Note that it is not advisable to use the shared secret directly as a symmetric key for various reasons. In particular, while the derived secret is indistinguishable from a randomly selected element from the set of all possible outputs of the elliptic curve group, this is not the same thing as a uniformly random string of bits. Viewed as a string of bits, it will have some structure to it. Put another way, the P-256 curve provides roughly equivalent security to a 128-bit secret key, yet the output shared secret is 256 bits. This reveals that the shared secret does not really provide 256 bits of “random” key data. There are further reasons for not using the shared secret directly, depending on the usage. For instance, the security considerations section of RFC 7748 advises to derive a key from the shared secret plus both public keys if we intend to use the key for authentication (this RFC uses different curves than we use here, but it is good advice regardless):

Designers using these curves should be aware that for each public
key, there are several publicly computable public keys that are
equivalent to it, i.e., they produce the same shared secrets. Thus
using a public key as an identifier and knowledge of a shared secret
as proof of ownership (without including the public keys in the key
derivation) might lead to subtle vulnerabilities.

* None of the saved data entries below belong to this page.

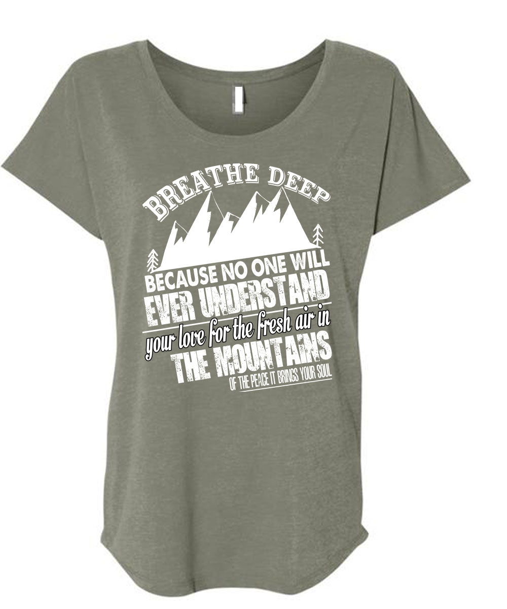 Fresh Air In The Mountains T Shirt, Breathe Deep T Shirt, Cool Shirt (Ladies' Triblend Dolman Sleeve)
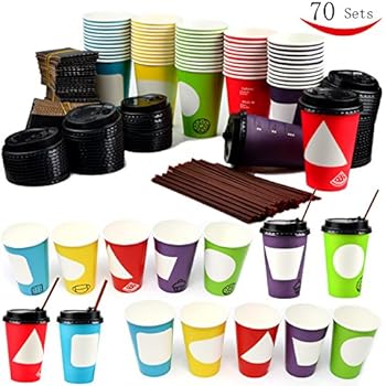 70 Coffee Cups with Lids - 12 oz Disposable Paper Coffee Cups with Lids - To Go Coffee Cups - Party Favor
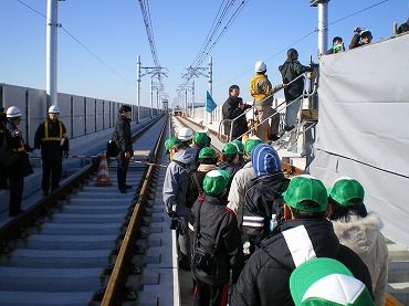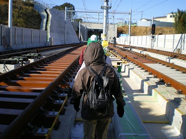 先行グループの進み具合により、時々ストップする。報道関係の人も結構いて、参加者にインタビューしたりしている。ところどころでヘルメットをかぶった工事関係の方が説明してくれる。この線路は新幹線規格で、レールは溶接で継ぎ目がないこと、枕木は現在では木ではなくコンクリだが、それでも枕木と呼ぶことなど、聞かなければ分からないことである。
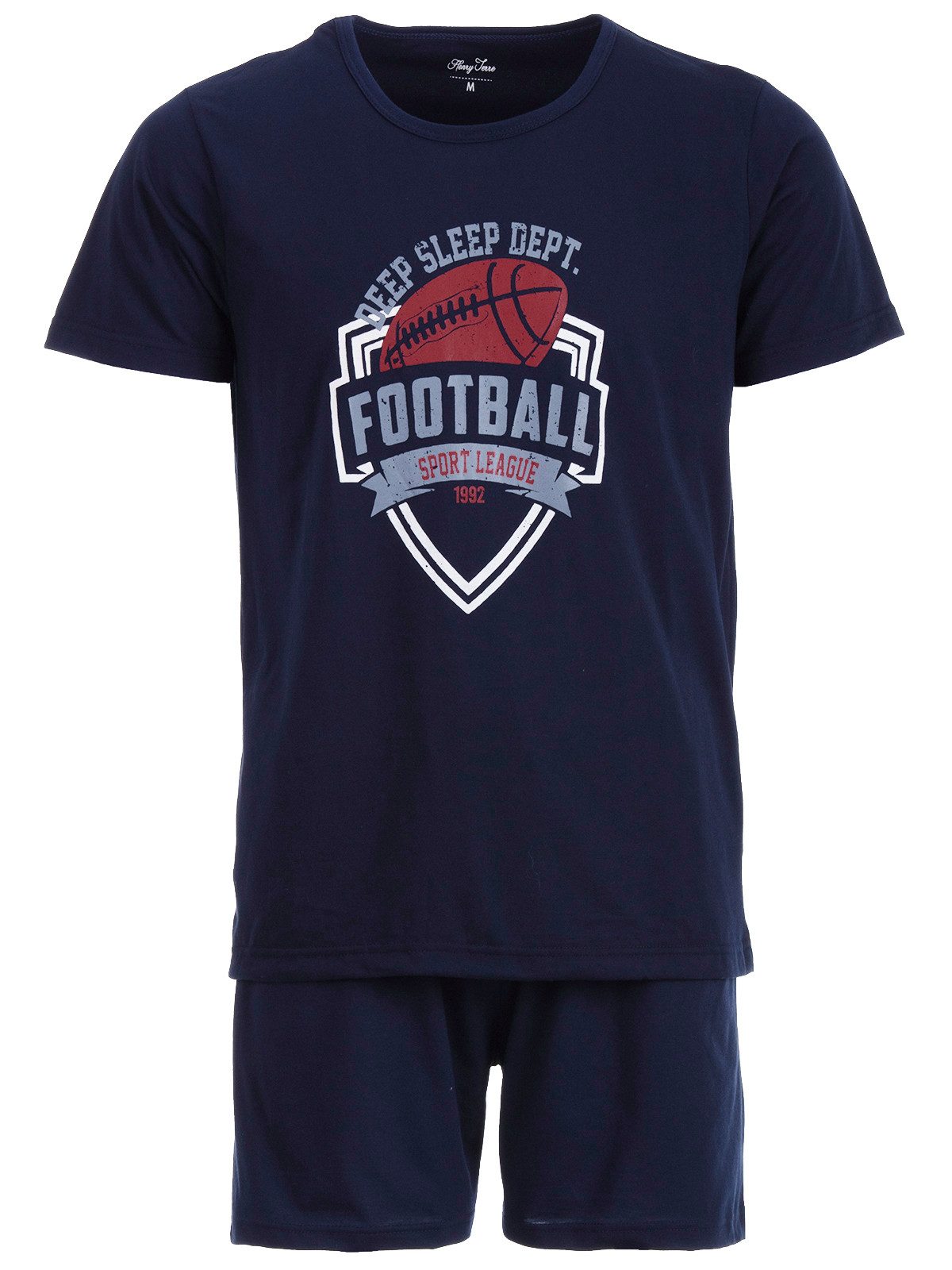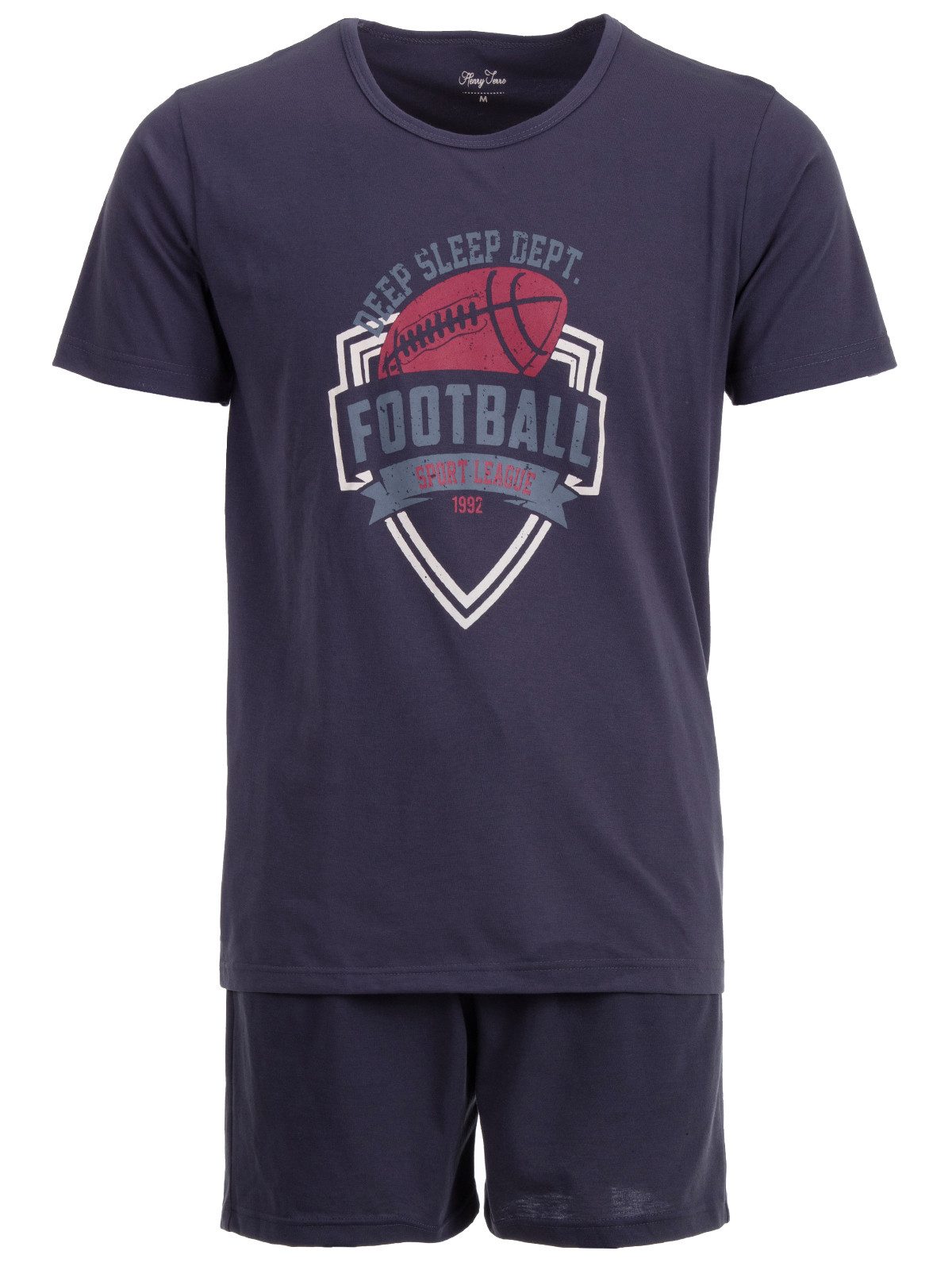 Der Herrenschlafanzug ist angenehm auf der Haut zu tragen. Das Shirt hat einen modernen Look durch den Print und einen Rundhalsausschnitt. Die kurze Schlafanzughose hat einen Dehnbund. Angenehmer Tragekomfort gerade im Frühjahr & Sommer.

We adopt the approach described in the libsodium documentation, of deriving a key by hashing the shared secret and both public keys, but using SHA-256 rather than BLAKE2. These choices of algorithms and curves are purely for convenience because they are readily available on the JVM without 3rd party libraries (e.g. Bouncy Castle). The only trickiness is to ensure that we feed the public keys into the hash in the same order on both sides of the agreement protocol. For simplicity, we do this by just sorting them lexicographically.

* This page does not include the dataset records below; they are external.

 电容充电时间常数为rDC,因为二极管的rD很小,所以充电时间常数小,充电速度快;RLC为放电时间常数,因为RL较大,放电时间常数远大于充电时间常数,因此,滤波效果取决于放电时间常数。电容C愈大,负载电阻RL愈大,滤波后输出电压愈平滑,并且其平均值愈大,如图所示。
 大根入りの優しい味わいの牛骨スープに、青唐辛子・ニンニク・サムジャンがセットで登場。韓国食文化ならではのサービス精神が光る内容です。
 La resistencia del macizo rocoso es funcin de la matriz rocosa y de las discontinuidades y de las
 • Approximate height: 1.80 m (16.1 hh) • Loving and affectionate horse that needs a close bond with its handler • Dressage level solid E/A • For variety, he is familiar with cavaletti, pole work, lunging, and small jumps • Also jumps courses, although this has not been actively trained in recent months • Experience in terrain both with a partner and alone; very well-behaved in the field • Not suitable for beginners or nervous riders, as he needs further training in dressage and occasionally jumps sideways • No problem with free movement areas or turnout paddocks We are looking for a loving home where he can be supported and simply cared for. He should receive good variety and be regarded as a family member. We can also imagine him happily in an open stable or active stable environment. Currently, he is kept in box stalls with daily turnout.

Et voila! Both parties now have the same derived key, which can be used for an AES cipher or HMAC key or however you wish. A more sophisticated key derivation function, such as HKDF, can be used to derive further keys (for instance, separate keys sending data in each direction, which is recommended).

Java session id

Session Key Generation In Java Pdf

There are a number of complete protocols that build upon this basic agreement mechanism, adding authentication and other details:

Java Session Id

  • TLS includes this as the various ECDHE_ cipher suites, such as ECDHE_ECDSA_WITH_AES256_GCM_SHA384 (in TLS 1.2 or earlier, TLS 1.3 cipher suites only specify the symmetric encryption component, with key agreement and authentication being negotiated via extensions instead), which means ephemeral ECDH where the exchanged ephemeral public keys are signed using long-term ECDSA keys to provide authentication, and then using the derived secret as a 256-bit key for AES-GCM authenticated encryption. TLS 1.3 mandates cipher suites that support forward-secrecy, including ECDHE. It also has some optimisations to reduce the overhead of the TLS ECDHE handshake, including support for “0-RTT” (zero round-trip time) that allows a client that has previously talked to a server to start a new session and send encrypted traffic on the very first message.
  • Protocols like Noise or CurveCP (or CurveZMQ).
  • The JSON Web Token (JWT) specs describe a ECDH-ES (ephemeral-static) key agreement and key derivation approach. In this case the recipient has a long-term (static) public key and the sender uses an ephemeral key-pair. This allows the recipient to immediately send a message, without an interactive handshake (i.e., the recipient can be offline, as in email), and it also authenticates the recipient if the long-term public key can be trusted (e.g. via a CA signature, web of trust, etc). However, it gives up forward secrecy, as any compromise of the recipient’s long-term private key will allow decryption of all previous messages sent to that recipient under that key pair. It should be possible to build something like TLS’s 0-RTT mechanism on top of this, but I don’t know of a fully worked out design (and I wouldn’t attempt it unless you know what you are doing).